Les précurseurs français de Vauban

    Portrait de Jean Errad. Musée Barrois, Bar-le-Duc. Photographie Caroline Léna Becker, pendant l'exposition "Une idée, mille machines" du musée de l'histoire du fer.Portrait d'Antoine De Ville.Portrait de François Blaise Conte de Pagan daté de 1665.
  • Jean Errard, dit Errard-de-Bar-le-Duc (1554-1610). Auteur du premier traité français consacré à la fortification bastionnée, la Fortification réduicte en art et démontrée, publié en 1600, avec une subvention royale. Cet ouvrage fixe les règles de la fortification bastionnée. Cet ingénieur ordinaire du roi travaille aux fortifications du Nord. Jean Errard de Bar-le-Duc modifie celles de Doullens, Montreuil, Sedan et construit les citadelles d’Amiens et de Verdun. Errard est surtout connu pour son œuvre de théoricien : faire défendre la place par l’infanterie et ménager l’artillerie dont les tirs sont encore peu efficaces de face. Le principal inconvénient de son système défensif est d’avoir des bastions dont le plan à angles trop aigus ne présente pas toutes les garanties de sécurité pour les assiégés. En revanche, les bastions sont très développés, ils sont dimensionnés pour abriter deux cents fantassins tirant depuis les faces des bastions, larges d’environ 70 mètres, tandis que l’artillerie se concentre sur les flancs, larges d’environ 30 mètres, pour couvrir les fossés. Les bastions à oreillons permettent de déplacer plus facilement les pièces d’artillerie au grès des besoins et de les abriter. De plus, ils sont suffisamment éloignés les uns des autres pour la ligne de défense qui est calculée en fonction de la portée moyenne de l’arquebuse (environ 120 mètres) ; le front, c’est-à-dire la distance moyenne entre les saillants de deux bastions, ne pourra dépasser 240 mètres. Les bastions sont, comme les courtines, relativement élevés (20 mètres) et donc difficiles à escalader. Des chemins couverts assurent la défense des glacis ; des demi-lunes doivent protéger les portes percées dans les courtines. Ces principes vont être perfectionnés par les ingénieurs hollandais et par Jean Sarrazin qui fortifie le château de Saint-Amand-Montrond (Cher) pour les princes de Condé, en y faisant réaliser un triple réseau de fortifications bastionnées.
Défense d'une ville

« La défense d’une ville », planche extraite du traité de Jean Errard.

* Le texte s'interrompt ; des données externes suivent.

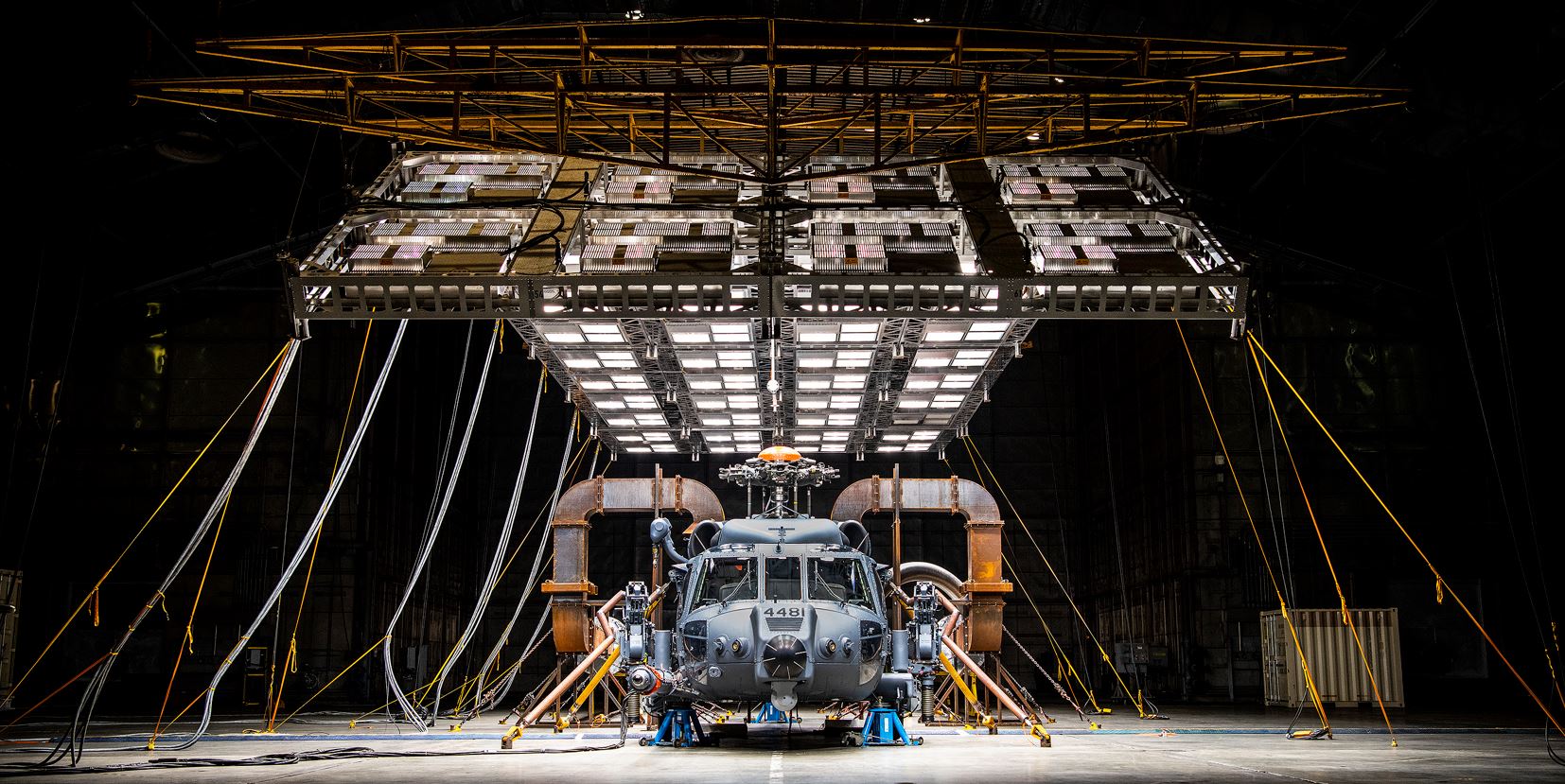 Large scale Atlas solar simulator used for solar heat load testing of a military helicopter against MIL-STD-810H (photo by Samuel King Jr.)

Le bastion à oreillons selon Jean Errard. Planche extraite de son traité.

Plan du château de Montrond avec ses trois fronts bastionnés vers 1650.

  • Antoine De Ville (1596-1657) est un ingénieur militaire français. Il renforçe plusieurs places françaises, dont Montreuil (Pas-de-Calais) et défend les places fortes de Picardie contre les Espagnols. Il participe au siège de Corbie (Somme) en 1636 et à la reprise de la ville par les Français. La République de Venise lui demande de fortifier Pula, un port d’Istrie (actuellement en Croatie). Il écrit Les Fortifications en 1628, qui influence Vauban, et un autre ouvrage sur les gouverneurs de place en 1639. On lui attribue en outre une grande part dans la construction de la machine de Marly. Correspondant de Galilée à la fin des années 1630, il laisse plusieurs ouvrages estimés, entre autres, l’exposé d’un système de fortification (1672, avec 63 planches).

« Le bastion du chevalier de Ville », planche extraite de son livre Fortification.

« Les demi-lunes du chevalier de Ville », planche extraite de son livre Fortification.

Modèle d’un front fortifié du système De Ville (1628). Cette maquette fait partie des collections des maquettes du Musée des plans-reliefs. Construite en 1832 à l’échelle 1/200 (240 centimètres sur 140 centimètres). © musée des Plans-reliefs – Bruno Arrigoni.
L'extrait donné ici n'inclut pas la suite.